Lake Highlands has a lot of work to do when it comes to crime. For example, eight people were shot at a Skillman nightclub this past weekend …
The Dallas Morning News has published a comprehensive interactive online map of Dallas’ 27 crime hotspots. The map illustrates substandard apartments, payday loan/fast cash shops, Dallas Housing Authority projects and apartments built before 1985 in relation to crime. It also shows 2010 U.S. Census data regarding ethnicity and income of the residents in these areas.
For those of us who live in Lake Highlands, especially the northernmost part, the map is startling (of course, not so surprising if you follow crime reports regularly). We have a concentration of high-crime pockets. All connected, there is Forest-Audelia, number two in the city (it has been listed a violent crime hotspot for the past several years), Greenville-LBJ is number 10 and Skillman-Royal is number 13.
Bordering Lake Highlands there is Five Points, or Vickery Meadow, at number four.
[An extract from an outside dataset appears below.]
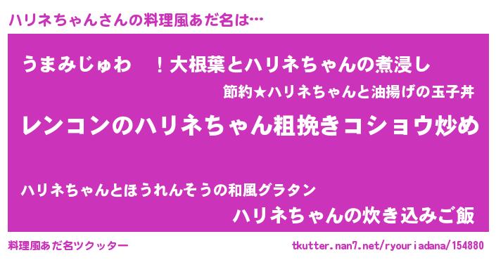 | ヘコむあだ名 | 『牛乳』『ハリふぇ~』『ハリを』 |
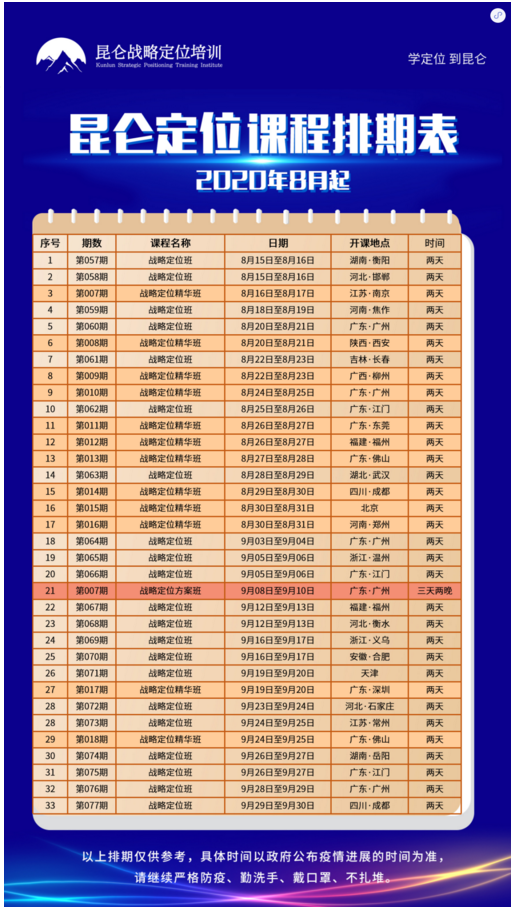 昆仑战略定位培训是成美旗下的专业定位培训公司,19年8月成立,短短一年,参加培训的学员人数已超过10000人,已成为中国领先的战略定位培训机构。

Actually, this is the most encouraging thing on the list. Vickery Meadow, in years past, has topped the list of Dallas Police Departments’ crime pockets. Its dramatic drop probably is in direct relation to the efforts of the Vickery Meadow Improvement District — in March 2011 we wrote a piece about the myriad efforts to improve the quality of lives (and there are about 36,000 of them in the three-square miles of apartments) in the area. This should be encouraging. I mean, sure they are still number four, but this shows that what they are doing is working, if gradually.
Over the past few years, Lake Highlands apartment managers, our council representative, police and residents have met and discussed similar efforts, but we haven’t really implemented a concentrated plan that I know of. I think neighborhood crime watch groups have succeeded at keeping the single-family neighborhoods in Lake Highlands very-to-relatively safe, but we have yet to figure out a way to make a big impact on crime within the apartments, despite some isolated efforts at apartment communities such as The Madeline, Trinity Palms and the Indigo.
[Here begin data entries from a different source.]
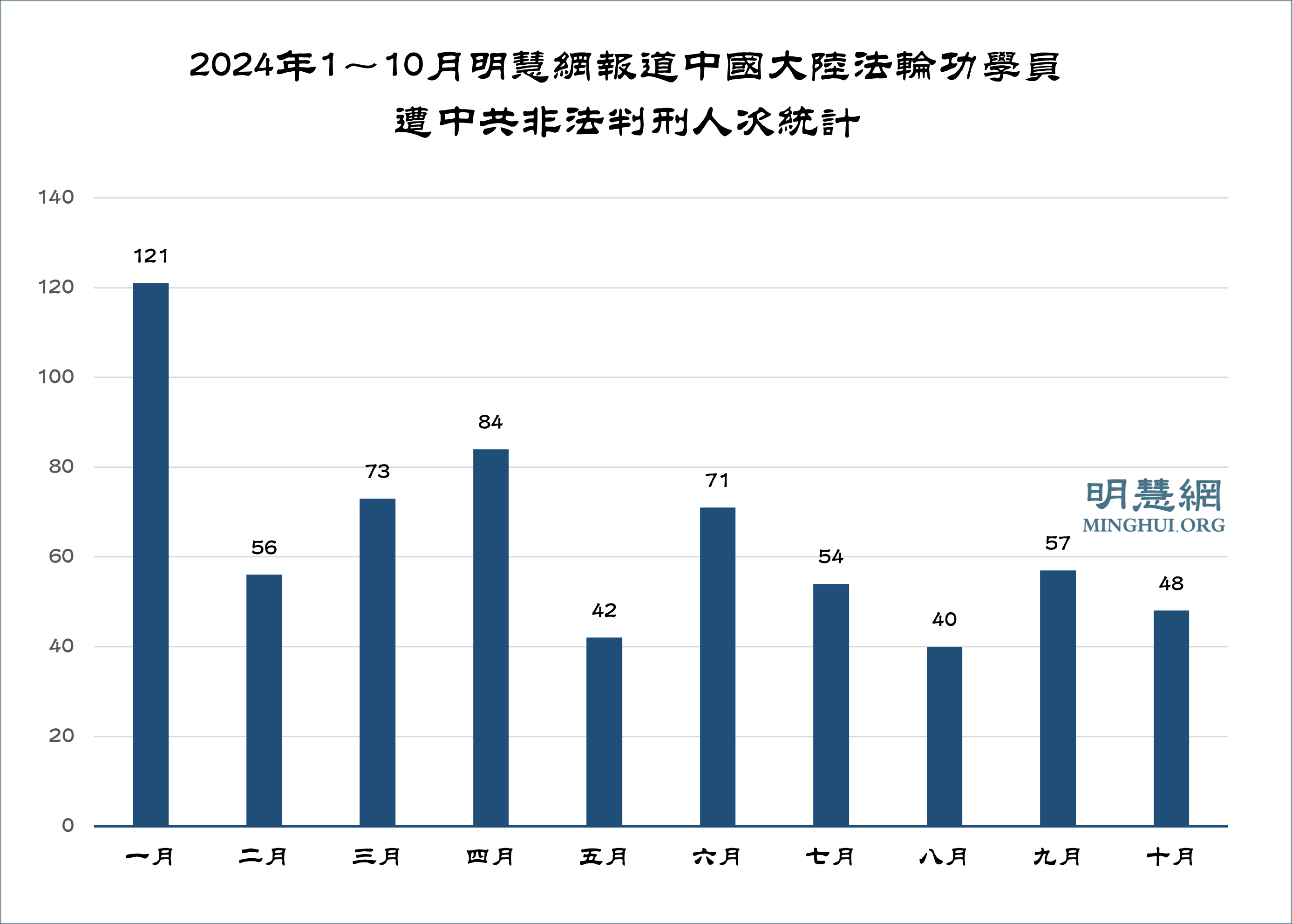 ![]() 图3:2024年1~10月明慧网报道中国大陆法轮功学员遭中共非法判刑人次统计 |
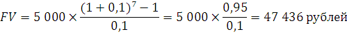 Задача 3. 5 000 рублей в конце каждого года помещалось на банковский счет с начислением 10 % годовых в течение 7 лет. Какая сумма накопится на счете в конце седьмого года?
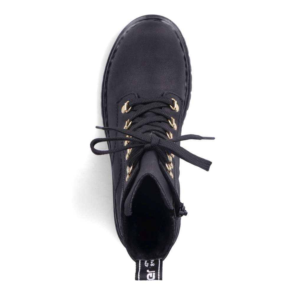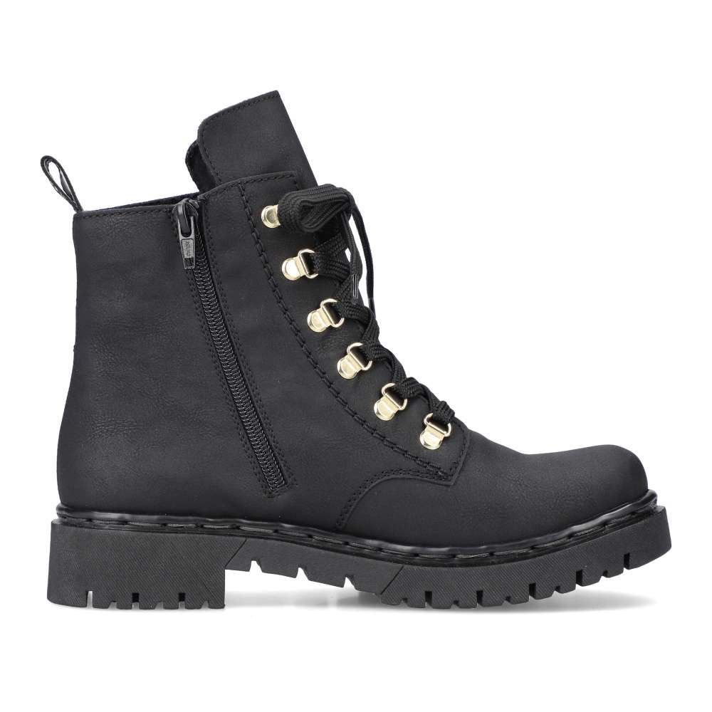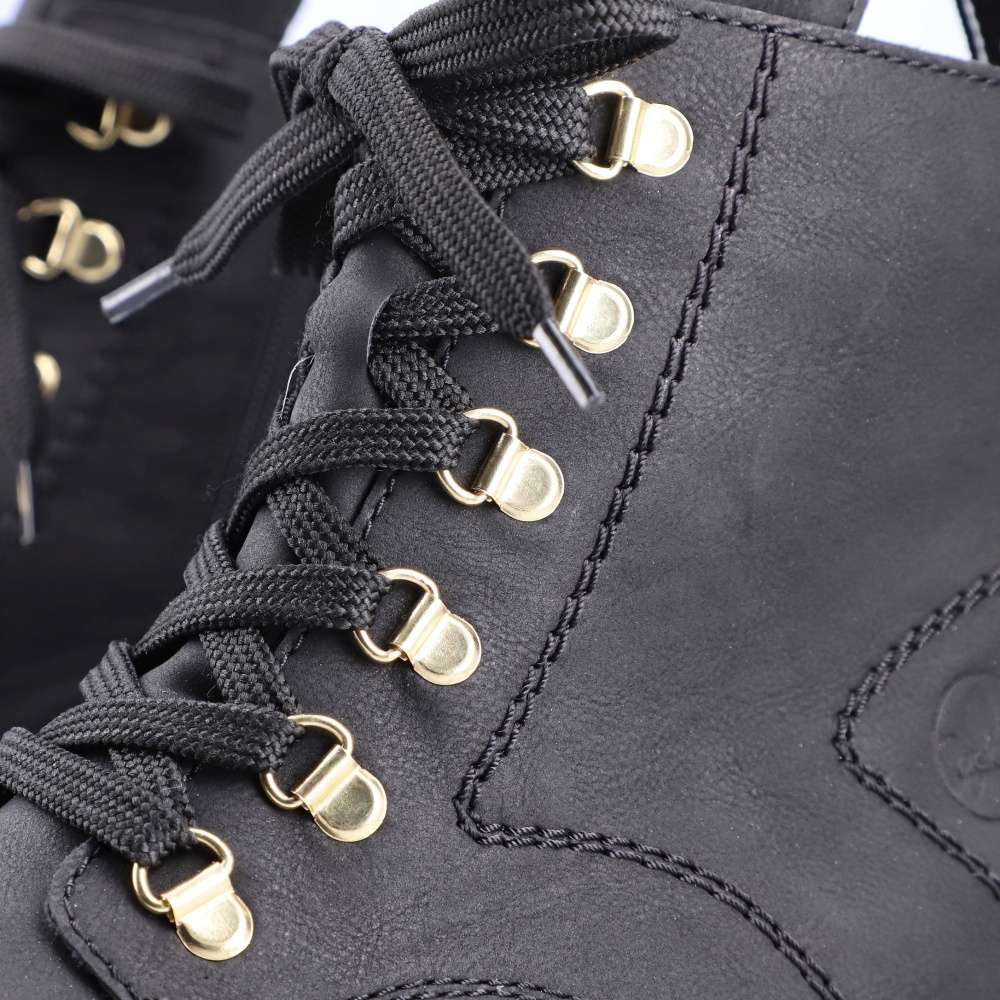 Šitá kvalitní obuv v černé barvě je od značky RIEKER a má jednoduchý design se zlatými nýty na tkaničky. Obuv má hřejivou podšívku a hodí se spíše do přechodového období. Na vnitřní straně se nachází zip pro rychlé nazutí a tkaničkami si můžete obuv přizpůsobit na Vaši nohu. Měkká stélka se Vám dokonale přizpůsobí a chůze bude maximálně pohodlná. Kvalitní podešev zabrání uklouznutí. Technologie: Antistress – podrážka je vďaka tejto technológii ľahká, flexibilná a absorbuje nárazy pri došľape a ľahko sa prispôsobí každej nohe.

In addition to high-density, low-rent apartments, surrounding businesses seem to relate to crime. Based on the DMN’s map, high crime areas have a concentration of payday loan shops — something Jerry Allen, District 10, is trying to restrict/regulate— for example. Not shown are nightclubs and late night businesses such as the Rolls Royce club (in the pictured Skillman Commons center). The club is located near Skillman-LBJ (less than a mile from #2-spot Forest-Audelia) near Michelle’s and Cuzco (decent restaurants that many more would probably frequent were they not next to a place like Rolls Royce). Over the weekend there, eight people were shot in a gang fight during an early Saturday morning “rap off”.